# Continental Giant Colour Identification



## Penguin007 (Sep 9, 2016)

Hi - My sister and I bought a Continental Giant doe at 8 weeks old from a new breeder near me about 7 months ago now.

The woman sold her to us as a blue self and showed us both of her parents. (Her father was pure black and her mother was a very rich looking blue). After her telling us that the mother was also a blue self, we thought to our selves that she would look just like her mother. We don't mind that she's different to her mother at all, she's an amazing bunny and we all love her to bits but we would just like to know what colour she is.

But as she shed out her baby fluff she has come out a kind of steely-bluey colour with silver flecks? I've tried to find out what she is myself but all I've managed to find are people telling me she's either a blue agouti or a blue steel but I don't even know if these colours exist in Continental Giants. I was wondering if anyone could identify her colour for me?

Thank you


----------



## sskmick (Feb 4, 2008)

I have no idea of her colour I'm afraid, just wanted to have a look at her, didn't want to read and run.

She looks very content.


----------



## Penguin007 (Sep 9, 2016)

Thank you, she is a very sweet and gentle girl, but her colour seems to be a mystery to everyone?
I've messaged few different conti breeders in my area and no one seems to know :/


----------



## sskmick (Feb 4, 2008)

Just wondering why it is so important to you. Are you wanting to show her, if so, was the breeder aware of this. Is it because you want to breed her. Is it because the colours of Continental Rabbits are limited or that certain colours are not desirable.
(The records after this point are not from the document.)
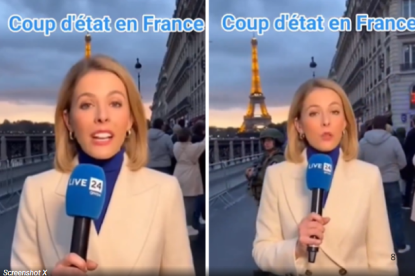 Во спорното видео се гледа хеликоптер, војници, собрана маса луѓе, како и наводна водителка на вести која тврди дека во Франција е извршен државен удар, дека бил предводен од непознат полковник и дека Макрон е соборен од власт. Но, како што набрзо се покажа, видеото е целосно лажно и изработено со помош на вештачка интелигенција.
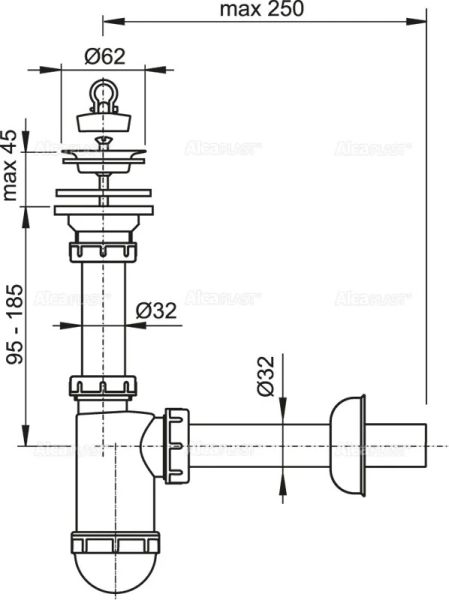 Сифон для раковины AlcaPlast ?32 с нержавеющей решеткой ?63 A411 купить
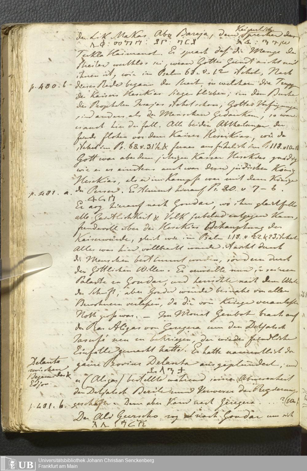 Ms. Ff. E. Rüppell II - Wörtliche Uebersetzung der von Djeazematsch Hailu gefertigten Abyssinischen Chronik, 1768 - 1809
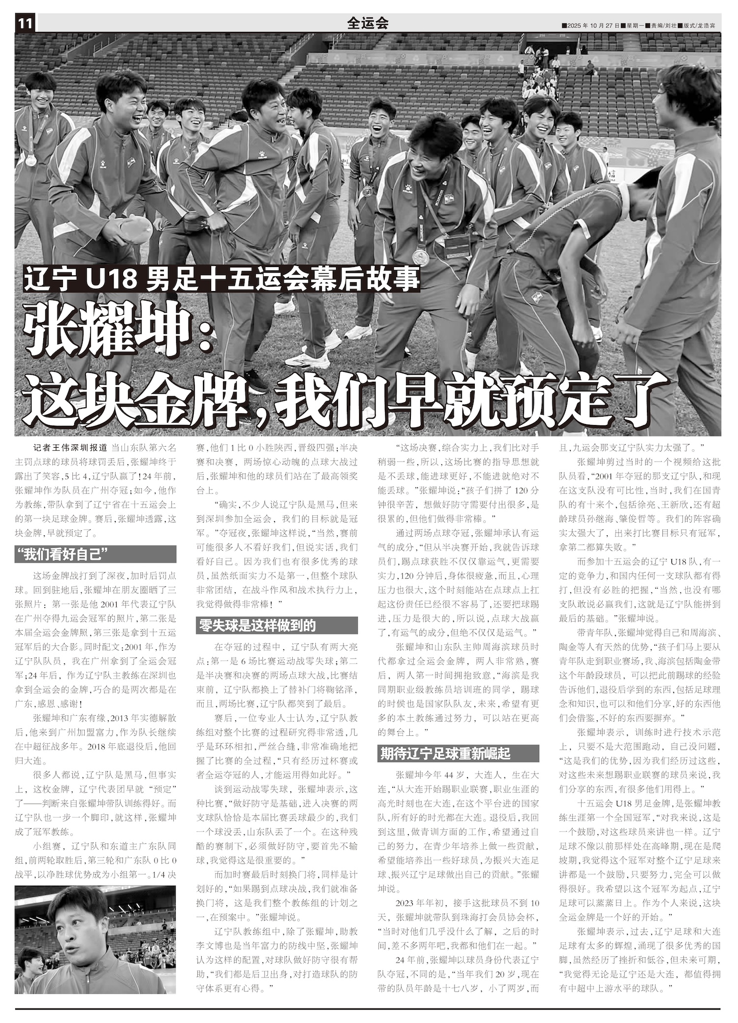 10月25日,第十五届全运会足球男子U18组决赛落幕,辽宁队获得了最终的冠军,至此全运会男子三项足球...
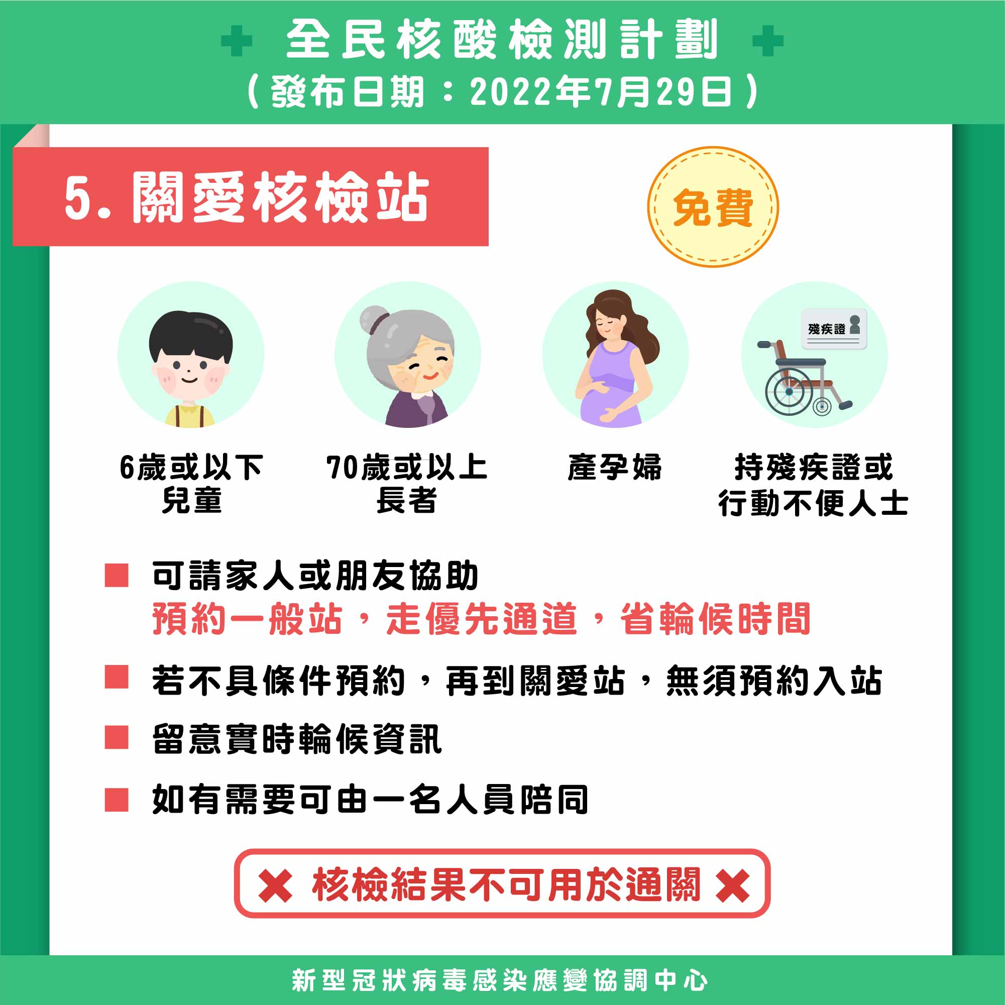 一般站、戶外核檢站均設優先通道,而7個關愛站及優先通道將開放予對象為6歲或以下兒童、70歲或以上長者、產孕婦、持殘疾證或行動不便人士使用,如有需要可由一名人員陪同。

If you don't get any answers - so what, you have a beautiful Conti with unique colouring.


----------



## Penguin007 (Sep 9, 2016)

She is a pet and only a pet for not only my sister but the whole family. We didn't buy her with the intention of breeding her so I didn't really ask any parentage questions.
We were just curious as to what colour she was as I had a blue when I was a lot younger who was completely blue other than his yellow feet. I know the colour she isn't necessary as we don't have her for breeding or anything but still it would be nice to know.

I'm not a continental giant rabbit breeder or someone who shows them, I just love these rabbits.
I've never had a blue with silver flecks in her coat before so I just wanted to know what that colour was called.


----------



## sskmick (Feb 4, 2008)

I understand, it would be interesting to know. If you find out I hope you will update this thread.


----------



## Hannah9t9 (Sep 15, 2016)

Hope this helps.


----------



## Penguin007 (Sep 9, 2016)

Thank you Hannah9t9 - According to this, it sounds like she might be a Dark Steel.


----------



## Hannah9t9 (Sep 15, 2016)

Your welcome. Have just got myself a lovely yellow conti so have been doing lots of research. Glad I could help.


----------